#### TASK PROMPT
Below are some records. Write out the line that contains "中華鍋にキッチンペーパーを敷" and all lines after it, exactly, but not the pictures.

#### THE INPUT
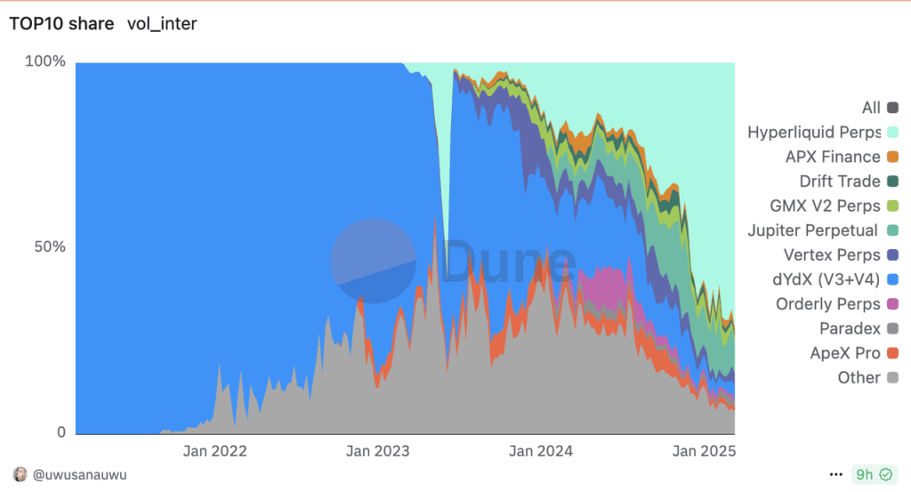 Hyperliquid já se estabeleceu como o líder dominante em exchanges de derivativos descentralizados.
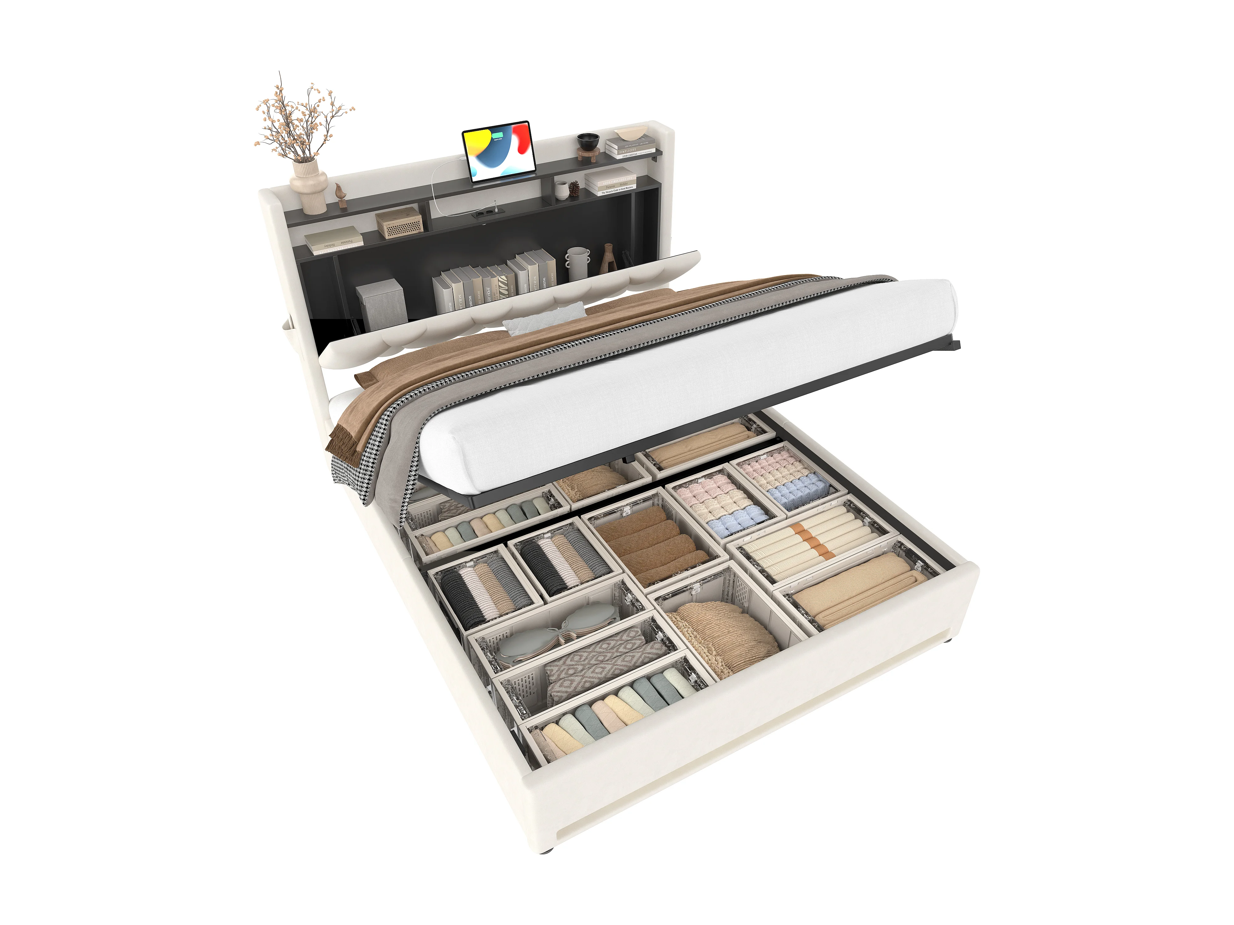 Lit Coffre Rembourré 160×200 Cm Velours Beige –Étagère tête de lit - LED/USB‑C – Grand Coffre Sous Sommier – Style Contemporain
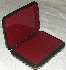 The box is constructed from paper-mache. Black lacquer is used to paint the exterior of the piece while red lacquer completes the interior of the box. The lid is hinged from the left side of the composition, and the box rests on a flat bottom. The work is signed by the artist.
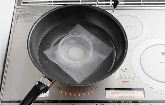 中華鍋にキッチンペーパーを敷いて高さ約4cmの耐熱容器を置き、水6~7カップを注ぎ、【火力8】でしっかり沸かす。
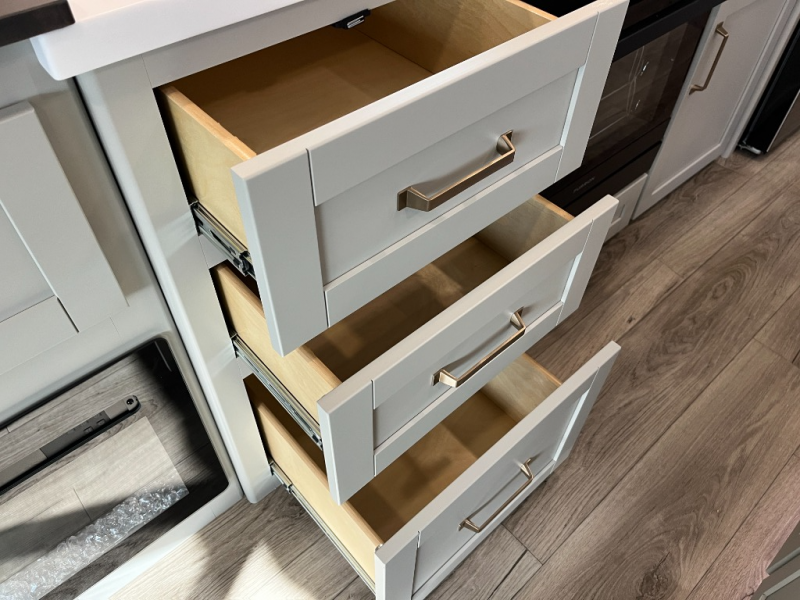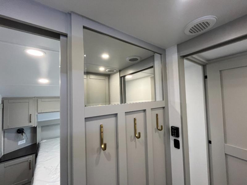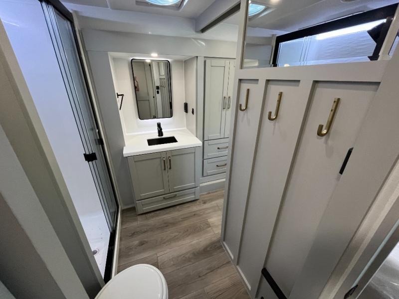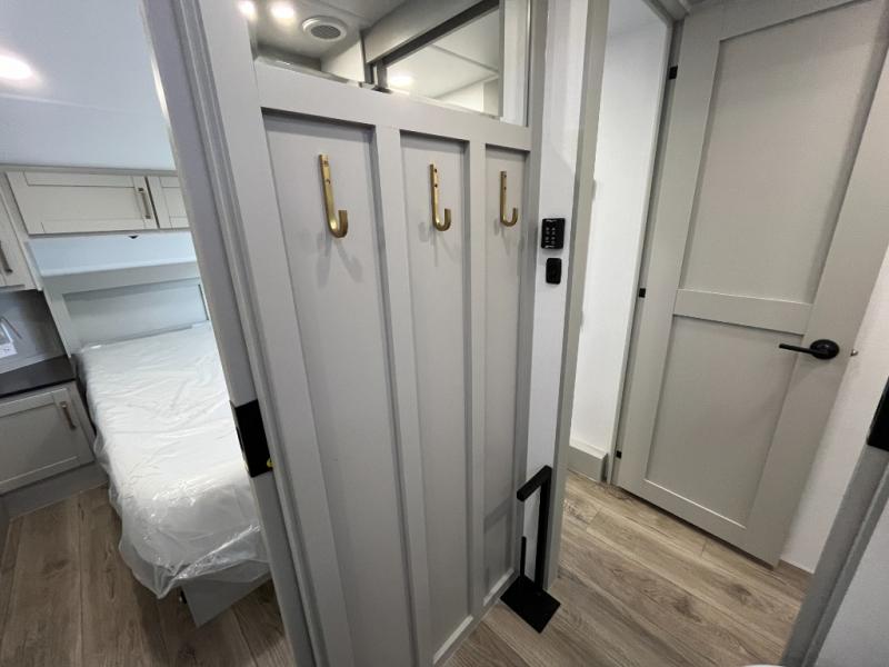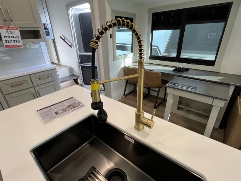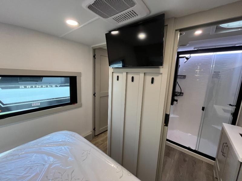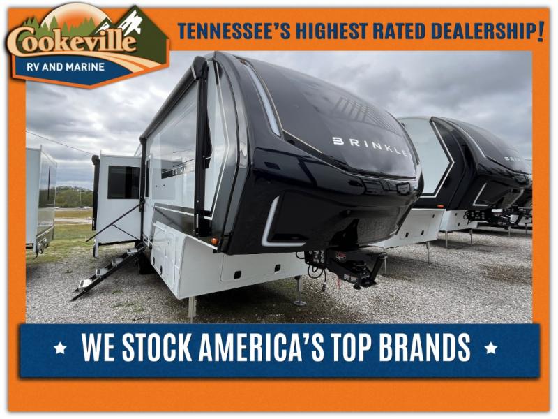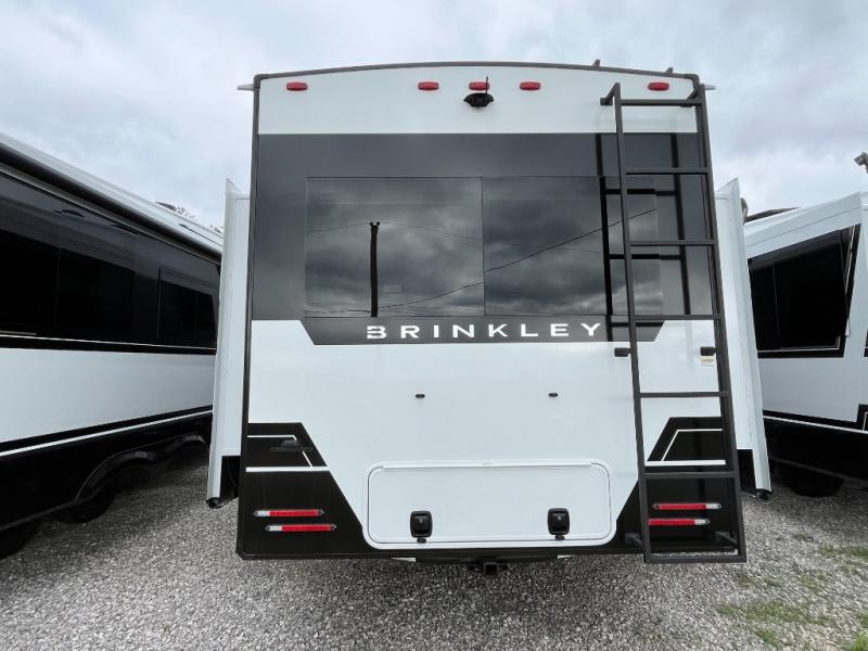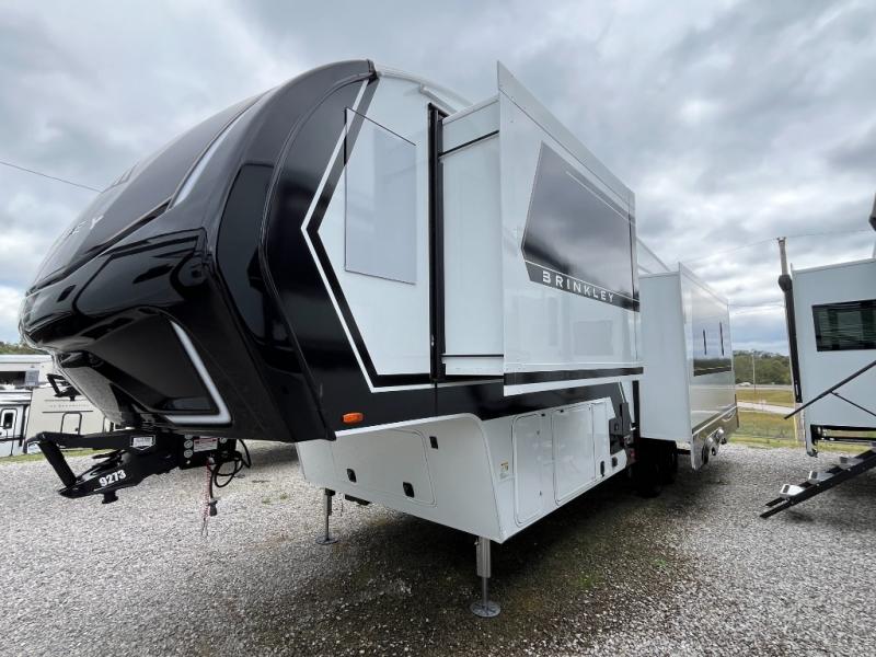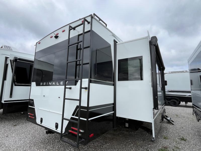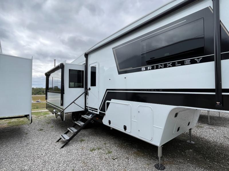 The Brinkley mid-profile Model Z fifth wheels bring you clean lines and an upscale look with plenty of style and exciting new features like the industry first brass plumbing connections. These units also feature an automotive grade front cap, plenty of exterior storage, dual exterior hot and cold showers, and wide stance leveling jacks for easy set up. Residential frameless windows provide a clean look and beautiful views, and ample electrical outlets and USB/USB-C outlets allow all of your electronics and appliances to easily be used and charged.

#### EXPECTED ANSWER
 中華鍋にキッチンペーパーを敷いて高さ約4cmの耐熱容器を置き、水6~7カップを注ぎ、【火力8】でしっかり沸かす。
 The Brinkley mid-profile Model Z fifth wheels bring you clean lines and an upscale look with plenty of style and exciting new features like the industry first brass plumbing connections. These units also feature an automotive grade front cap, plenty of exterior storage, dual exterior hot and cold showers, and wide stance leveling jacks for easy set up. Residential frameless windows provide a clean look and beautiful views, and ample electrical outlets and USB/USB-C outlets allow all of your electronics and appliances to easily be used and charged.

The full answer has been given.